Chapter 49
Nyx
By the time Caleb had finished killing all those innocent people, Tara wished she were dead, that she had died before now, that she had never met Willow, anything to keep the blood from crusting her hands. Trapped within a tiny box in her own mind, she knew they were not her actions, that she was being used, being forced, all over again. Yet they were her hands, the same hands that washed a patient's hair, or read a copy of 'Runaway Jury' or held Willow's face as they kissed. Her hands, holding the knife, thrusting into body after body.
Althanea had trusted her. The British witch had come all this way and Tara had been only a burden to her, and now the witch was dead. Tara's hands. All she prayed was that Althanea knew the truth that Tara would never have hurt her. That Althanea was now with her daughter in heaven.
But even there the war has begun.
The killing spree did not stop. Using the stolen gift, Caleb jumped across the ocean, and as soon as Cassandra was dead, Tara could feel the knowledge of the seer filtering into her mind.
Oz. The little man was somehow exactly as she expected him to be, but neither she nor Willow had known how important he was. As the knife twisted inside his body, Tara was very nearly screaming in horror, bashing against the walls of her fleshy prison. When her red-headed lover suddenly teleported into the room, a tidal wave of inexplicable devotion crested through her, underlined with remorse at what her hands were doing through Caleb's bidding. How Tara desired to punch through Caleb's block and get control of her body once more, in time to save Oz, in time to be with Willow, in just enough time to do what they needed to save the world!
Because the world of durians, and kitten abraded couches, and little black rabbits so desperately deserved to be saved.
The act of seeing Willow gave Tara a much-needed shot of hope, and she very nearly broke through Caleb into her own body. While Oz lay dying under the knife, his knowledge swam before her eyes, but Willow intervened before Caleb could get it all. Furious at the intrusion, yet fearful of Willow, Caleb fled before her lover, and Tara exulted in the knowledge that her self-conscious and talkative girlfriend could frighten the Chief Priest of Danzalthar.
How her heart ached to see her girlfriend so ravaged, so tired and forlorn!
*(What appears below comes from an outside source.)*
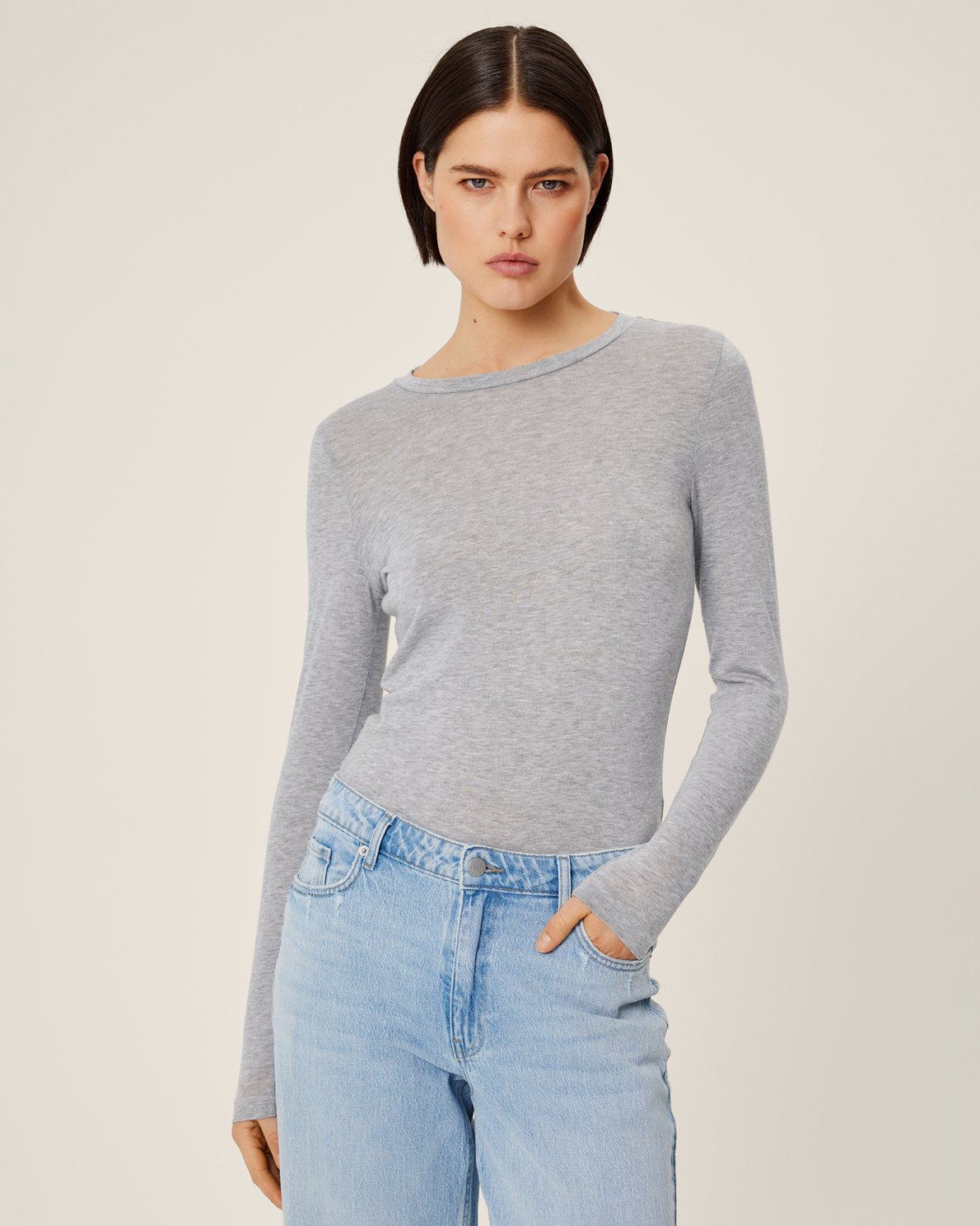Chatera is a basic essential top, combining simplicity and effortless style. This long sleeve top is designed for a flattering slim fit with a body hugging feature. It features a timeless round neckline and long sleeves, making it the perfect wardrobe staple for colder days. It is crafted with high-quality materials, ensuring a soft feel, making it easy to wear as a layering piece. Whether dressing up your tailored suit with this simple yet chic basic top, or styling a pair of casual pants, this top is a foundational piece for any fashion-forward wardrobe.

What must it have been like for Willow to see Tara killing her ex-boyfriend, to see the hands that caressed Willow's body during the night doing such unspeakable and horrifying things? Tara prayed that Oz survived, and that he and her girlfriend knew without a doubt that it wasn't really her.
Tara remained an optimist. For just a moment there, when the shock of seeing Willow was racing through Caleb's mind, Tara almost regained control. It was a small reminder, but it was enough. Tara wasn't alone, wasn't really a prisoner. She was part of a team, a powerful team
(a monster fighting team!)
So when they tracked down that lovely Russian witch, Tara was ready. Using years of mental skills taught by her mother, Tara was able to punch through the block for moments at a time.
Unfortunate, though, that she still happened to feel whatever her body was feeling in those moments, and that unconsciousness as a prisoner was much the same as unconsciousness otherwise. That girl had the most powerful left hook she had ever seen.
Caleb revived too fast, and Tara was tiring and wounded. Caleb took them back to the vineyard for cleanup and to bandage their broken ribs. There was a moment of panic in the shower when he paused to run his hands over her body, but he was also operating on a tight schedule. The First came to him there in the vineyard, and Tara was taken aback to see Buffy come to such hideous life. Caleb had failed with Oz, Willow had saved him, and now the witch had discovered about Tara's father.
What about my father?
The prison suddenly tightened, and Tara could only watch as they arrived in Sicily. That kindly, sleep sodden man had no chance, and his murder was yet another noose around Tara's soul.
I will stop you.
Concentrating as she'd never concentrated before, Tara withdrew into herself, condensing, burrowing
(I am the Kraken)
before exploding outward as hard and as fast as she could.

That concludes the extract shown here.